К вечеру второго дня Кузьма Нилыч запах. Тяжелый, сладковато-теплый дух заполнял все комнаты, проникая в каждую щель. Фома морщился и часто прикладывал к носу платок, смоченный дорогими духами. Ольга вздрагивала при воспоминании о том, что могла сидеть на коленях и даже целовать этого старика, наполнившего теперь дом таким смрадом. «Лежит... Подслушивает, подглядывает, да и воняет еще...»
— Толстомясый да жирный он, Кузьма Нилыч-то, — объясняла ей Софрониха.
В последнюю ночь все спали в людской, во дворе, а старик Дятлов оставался дома один. Лежал на обеденном раздвижном столе и разбухал, накрытый парчовым покровом. Ольга радовалась, что нечего ему теперь там подсматривать и подслушивать.
Под утро ветер утих. Поникли ветви на измученных деревьях, уставших отбиваться от пыльной пурги, и лохмотьями свисали с них листья, иссеченные колючим песком. В мглистом небе тускло светился оранжевый шар запыленного солнца, и казалось, что это поднялась луна, перепутав время восхода. Над городом раздавался медлительный похоронный перезвон соборных колоколов. Тонко взвизгивали маленькие колокольцы, подвывал средний колокол, обычно зовущий богомольцев к вечерне, и густым, тяжелым вздохом покрывал все большой, трехсотпудовый колокол, — гудел, охал, дрожащей октавой разносил по окрестностям скорбную весть.
— Дятлова выносят.
— Его.
— Слыхали про диво такое, слыхали... В бане запарился, ай-яй-яй... Для бедного люда не будут поминки делать, не знаете?..
В толпе горожан, собравшихся перед выносом у дятловского дома, появился Агутин.
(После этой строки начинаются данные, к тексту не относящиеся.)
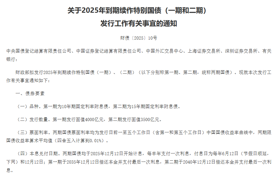 12月10日,财政部发布《关于2025年到期续作特别国债(一期和二期)发行工作有关事宜的通知》,拟于12日在全国银行间债券市场面向有关银行定向发行2025年到期续作特别国债7500亿元,发行过程不涉及社会投资者,个人投资者不能购买。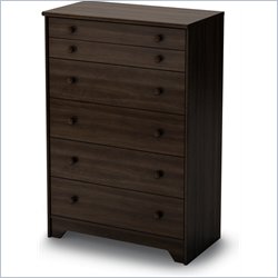 South Shore - Chests - 2779035 - This shaker-style chest Features five spacious drawers. The upper drawer front is decorated with a horizontal groove giving the impression of two smaller drawers. The simple appeal of this piece is accentuated by its round handles in a Moka finish. Also available in Natural Maple (2713035) finish.5 practical drawersIllusion of multiple drawers due to the grooves on the top drawer faceShaker styleTransitional styleDecorative kickplateSecure Smart Glides drawer slides with lifetime warranty Available in Moka finishManufactured from laminated particle board and are made of EPP certified panels Ready to assemble5 year limited warrantySpecifications:Dimensions: 48inH x 30inW x 17inDWeight: 78lbsDrawer interior dimensions : W21.5 x front to back 14.25芒鈧淭his item's packaging is ISTA 3A-certified to ensure its integrity and your total satisfaction

Как ходил он в баню с узелком, так с ним и явился сюда. В кутузке все эти дни просидел. Кузьму Нилыча увезли из бани домой помирать, а Михаила Матвеича — в полицейский участок, ответ держать. Сам пристав Полуянов его допрашивал:
— Ты что же это, подлец, натворил? Именитого, почтенного... Понимаешь ли ты, скипидарная твоя душа, какого человека решился жизни лишить?!
— Никак нет. Не решался и не лишал... Они сами это... Могут свидетели подтвердить.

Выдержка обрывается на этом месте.